Really, other than Copland’s “Appalachian Spring” and Ives’ Symphony No. 3, how often do you get to hear this stuff? Okay, the operas of Menotti and Robert Ward get revived from time to time, and Jennifer Higdon has been very fortunate for a composer in her prime. Yet most of the Pulitzer winners remain elusive.
We’ll have a chance to sample three of them, as part of our annual “Pulitzer Surprises” show – including the very first, William Schuman’s “A Free Song” (1943), recorded for the first time only in 2011, and the most recent, Caroline Shaw’s “Partita for 8 Voices” (2013).
Shaw – at 30, the youngest recipient in the history of the category – is currently a Ph.D. candidate at Princeton University.
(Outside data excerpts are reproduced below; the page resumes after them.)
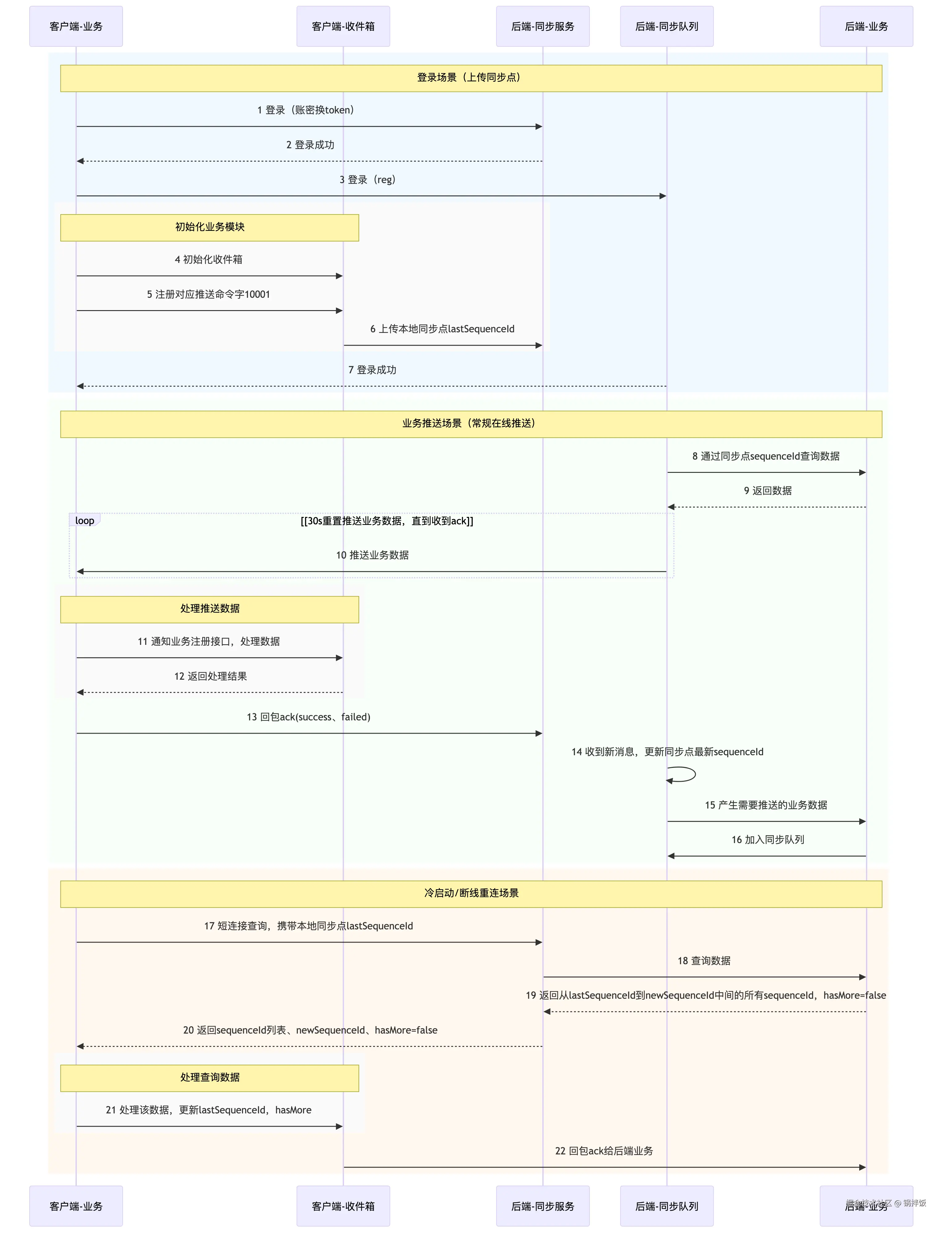 登录/重连/冷启动时: 增量拉取,快速同步离线期间的数据
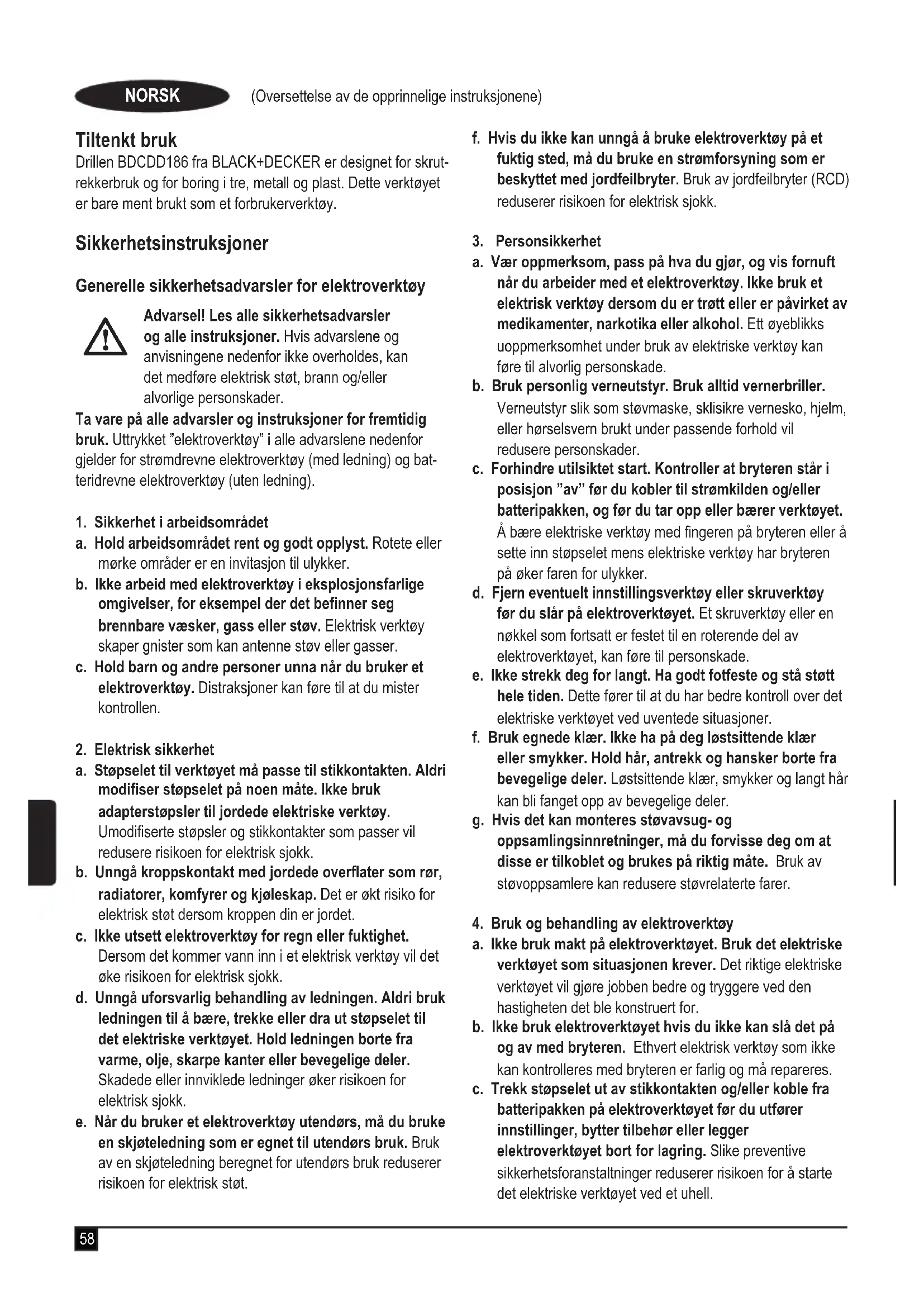 Hvis strømledningen blir skadet, ma den byttes av produsenten erler et autorisert BLACK+DECKER-service-senter for a unngå fare.
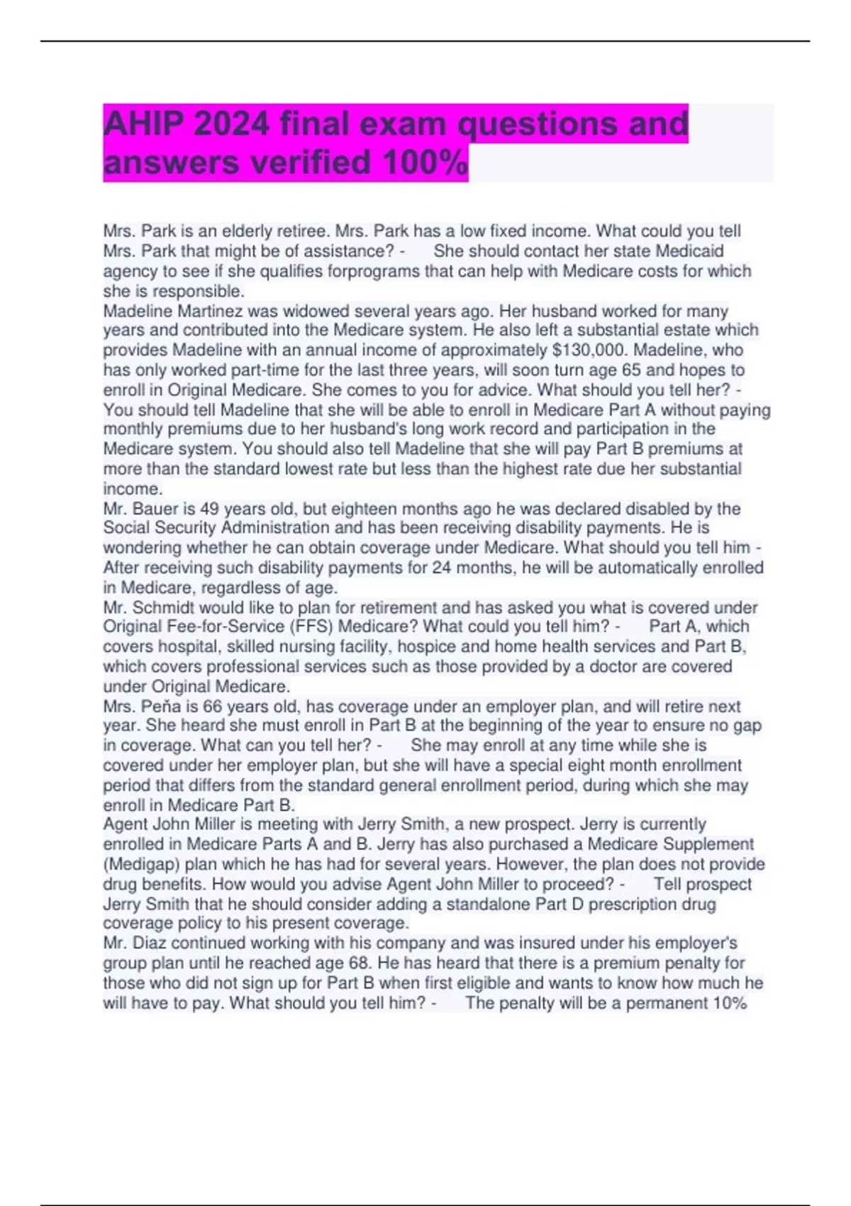AHIP 2024 final exam questions and answers verified 100% Mrs. Park is an elderly retiree. Mrs. Park has a low fixed income. What could you tell Mrs. Park that might be of assistance? - She should contact her state Medicaid agency to see if she qualifies forprograms that can help with Medicare costs for which she is responsible. Madeline Martinez was widowed several years ago. Her husband worked for many years and contributed into the Medicare system. He also left a substantial estate which provides Madeline with an annual income of approximately $130,000. Madeline, who has only worked part-time for the last three years, will soon turn age 65 and hopes to enroll in Original Medicare. She comes to you for advice. What should you tell her? - You should tell Madeline that she will be able to enroll in Medicare Part A without paying monthly premiums due to her husband's long work record and participation in the Medicare system. You should also tell Madeline that she will pay Part B premiums at more than the standard lowest rate but less than the highest rate due her substantial income. Mr. Bauer is 49 years old, but eighteen months ago he was declared disabled by the Social Security Administration and has been receiving disability payments. He is wondering whether he can obtain coverage under Medicare. What should you tell him - After receiving such disability payments for 24 months, he will be automatically enrolled in Medicare, regardless of age. Mr. Schmidt would like to plan for retirement and has asked you what is covered under Original Fee-for-Service (FFS) Medicare? What could you tell him? - Part A, which covers hospital, skilled nursing facility, hospice and home health services and Part B, which covers professional services such as those provided by a doctor are covered under Original Medicare. Mrs. Peňa is 66 years old, has coverage under an employer plan, and will retire next year. She heard she must enroll in Part B at the beginning of the year to ensure no gap in coverage. What can you tell her? - She may enroll at any time while she is covered under her employer plan, but she will have a special eight month enrollment period that differs from the standard general enrollment period, during which she may enroll in Medicare Part B. Agent John Miller is meeting with Jerry Smith, a new prospect. Jerry is currently enrolled in Medicare Parts A and B. Jerry has also purchased a Medicare Supplement (Medigap) plan which he has had for several years. However, the plan does not provide drug benefits. How would you advise Agent John Miller to proceed? - Tell prospect Jerry Smith that he should consider adding a standalone Part D prescription drug coverage policy to his present coverage. Mr. Diaz continued working with his company and was insured under his employer's group plan until he reached age 68. He has heard that there is a premium penalty for those who did not sign up for Part B when first eligible and wants to know how much he will have to pay. What should you tell him? - The penalty will be a permanent 10% increase in his Part B premium for every 12-month period that passed during which he could have enrolled and did not. Ms. Moore plans to retire when she turns 65 in a few months. She is in excellent health and will have considerable income when she retires. She is concerned that her income will make it impossible for her to qualify for Medicare. What could you tell her to address her concern? - Medicare is a program for people age 65 or older and those under age 65 with certain disabilities, end-stage renal disease, and Lou Gehrig's disease so she will be eligible for Medicare. Mildred Savage enrolled in Allcare Medicare Advantage plan several years ago. Mildred recently learned that she is suffering from inoperable cancer and has just a few months to live. She would like to spend these final months in hospice care. Mildred's family asks you whether hospice benefits will be paid for under the Allcare Medicare Advantage plan. What should you say? - Mildred may remain enrolled in Allcare and make a hospice election. Hospice benefits will be paid for by Original Medicare under Part A and Allcare will continue to pay for any non-hospice services. Mr. Gomez notes that a Private Fee-for-Service (PFFS) plan available in his area has an attractive premium. He wants to know if he must use doctors in a network as his current HMO plan requires him to do. What should you tell him? - He may receive health care services from any doctor allowed to bill Medicare, as long as he shows the doctor the plan's identification card and the doctor agrees to accept the PFFS plan's payment terms and conditions, which could include balance billing. Mr. Kelly wants to know whether he is eligibl

Her work for string quartet, “Ritornello 2.sq.2.j,” will be performed by the JACK Quartet in Princeton this Tuesday.
The “Partita” is certainly the highlight of tonight’s program, with a dizzying array of genres and techniques ably navigated by the a cappella ensemble, Roomful of Teeth.
Also on the program will be a sampling of William Bolcom’s “12 New Etudes for Piano,” the Pulitzer-winner from 1988.